Description of the task: Leave out all pictures. Extract exactly the lines from the one containing "DEPUTY CEO OF" through the end of the data.
**** Input
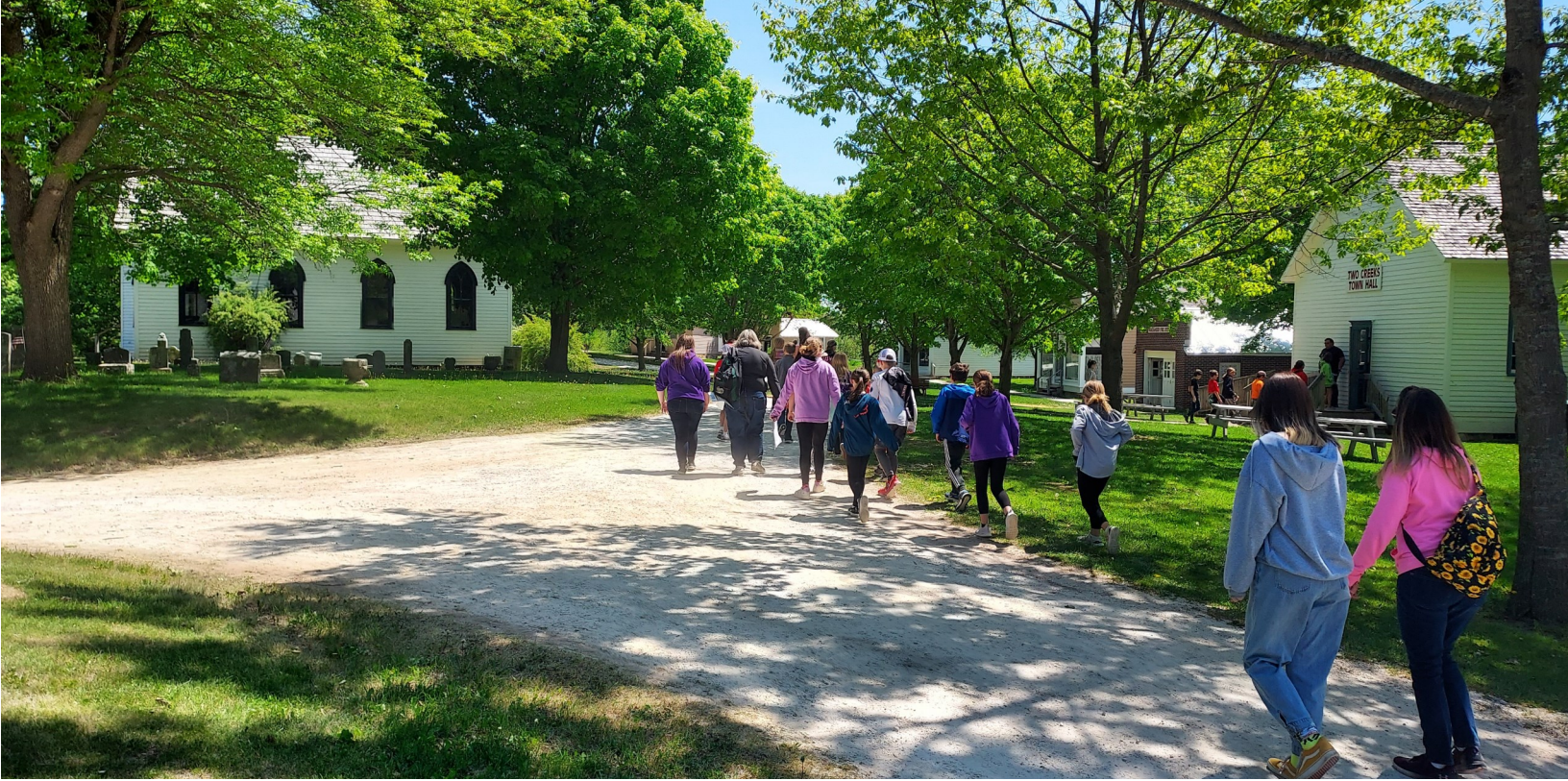
Guests walk the Museum and Village grounds in Summer, 2023.
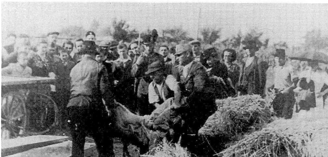
Loading one of the casualties into a coffin
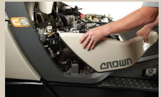
▲ SIDE PANEL REMOVAL: The C-5 features removable side panels for top and side access to engine and components. No tools required.
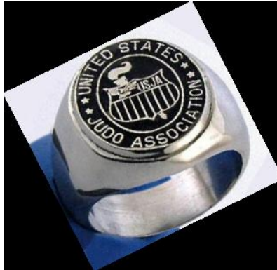
(Ring designed by Tom Crone)
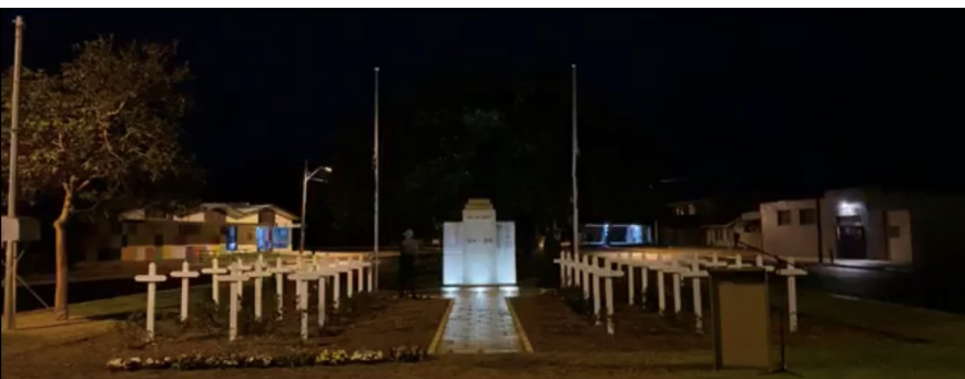
The Service was situated at the Merredin Cenotaph.

The morning was still, the only noise to be heard the patter of raindrops as they splashed on the pavement below. At 5.58am the stream went live on the Shire of Merredin Facebook page and before long nearly 200 households were watching together online, waiting in silence and looking out at the familiar white crosses and soldier silhouettes.
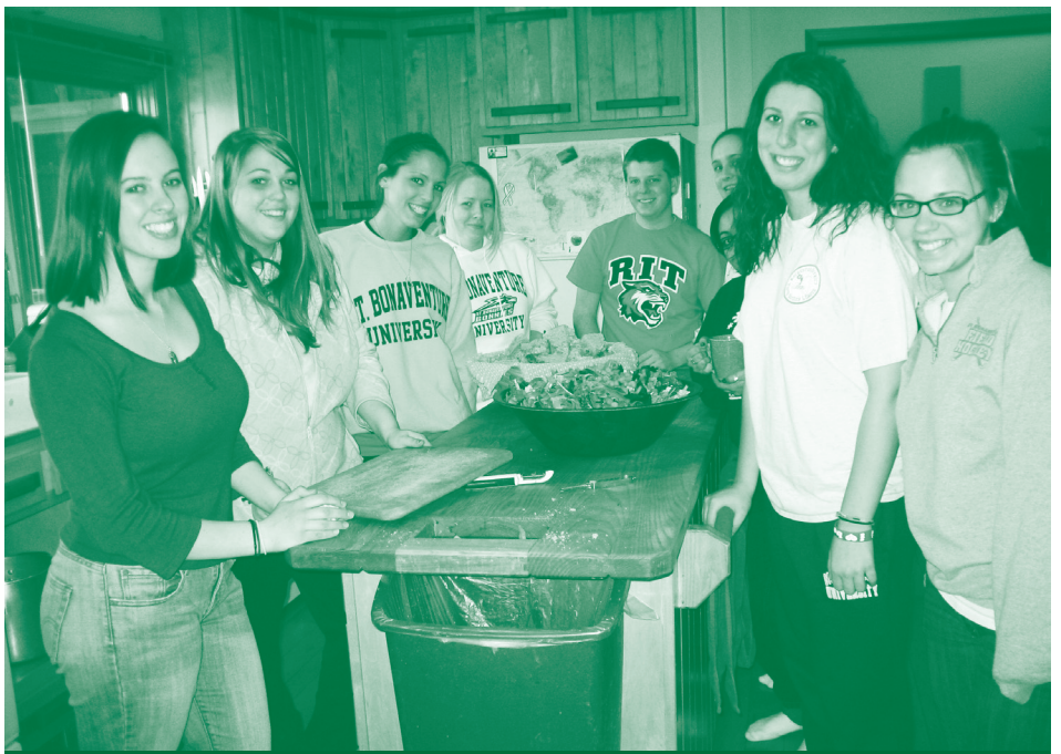
A group of Bonaventure students prepare an evening meal.
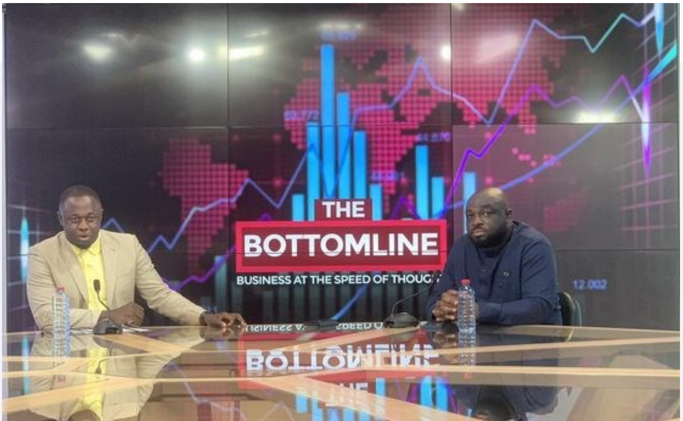
DEPUTY CEO OF PPA ON BOTTOMLINE ON METRO TV DISCUSSING CURBING PUBLIC SECTOR CORRUPTION THROUGH E-PROCUREMENT
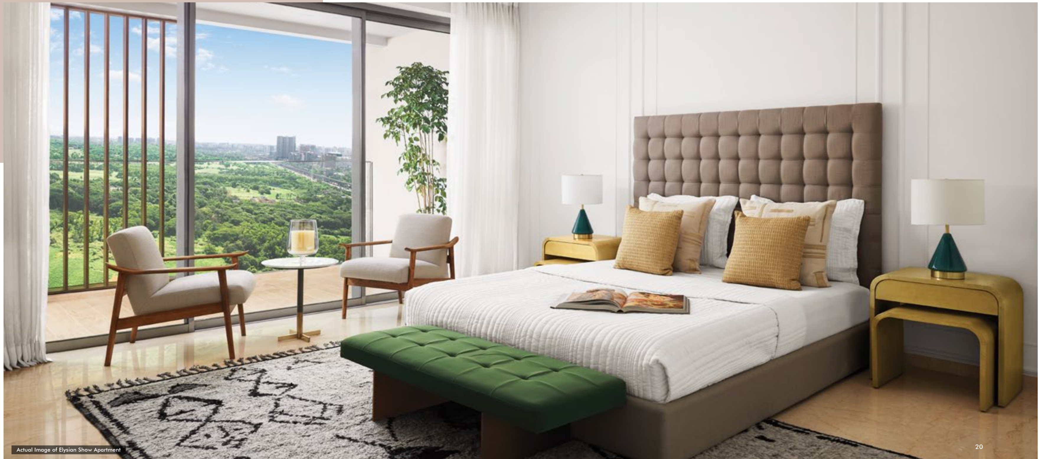
Actual Image of Elysian Show Apartment

At Elysian, luxury stands for spacious rooms, attention to detail and rooms that provide you with a canvas to create innumerable memories.
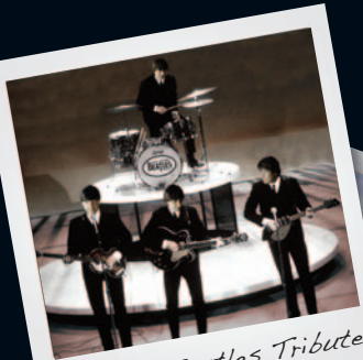
All Star Beatles Tribute
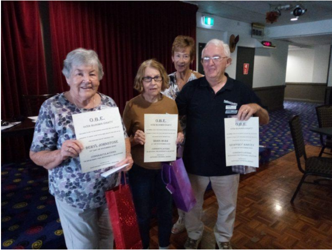
Our latest recipients of an OBE. (Over blooming 80)
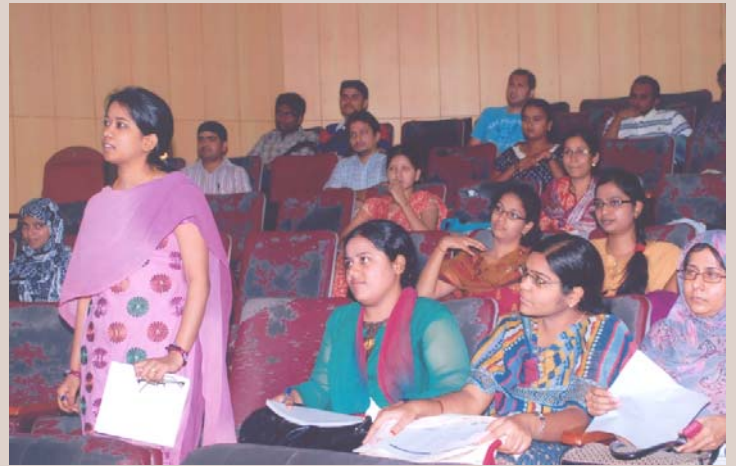
Students during the contact programme of PG Diploma in Business Management
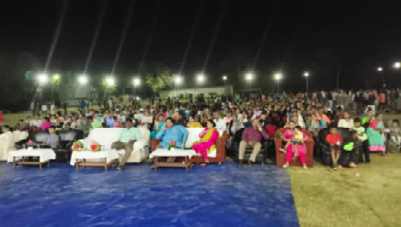
Cultural programme at Mayabunder as part of ITF-2025
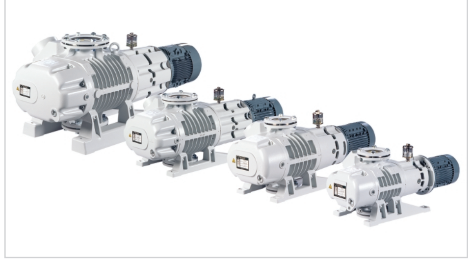
Range of RUVAC WAU pumps: WAU 2001, WAU 1001, WAU 501, WAU 251
********
Exercise solution:
DEPUTY CEO OF PPA ON BOTTOMLINE ON METRO TV DISCUSSING CURBING PUBLIC SECTOR CORRUPTION THROUGH E-PROCUREMENT
Actual Image of Elysian Show Apartment

At Elysian, luxury stands for spacious rooms, attention to detail and rooms that provide you with a canvas to create innumerable memories.
All Star Beatles Tribute
Our latest recipients of an OBE. (Over blooming 80)
Students during the contact programme of PG Diploma in Business Management
Cultural programme at Mayabunder as part of ITF-2025
Range of RUVAC WAU pumps: WAU 2001, WAU 1001, WAU 501, WAU 251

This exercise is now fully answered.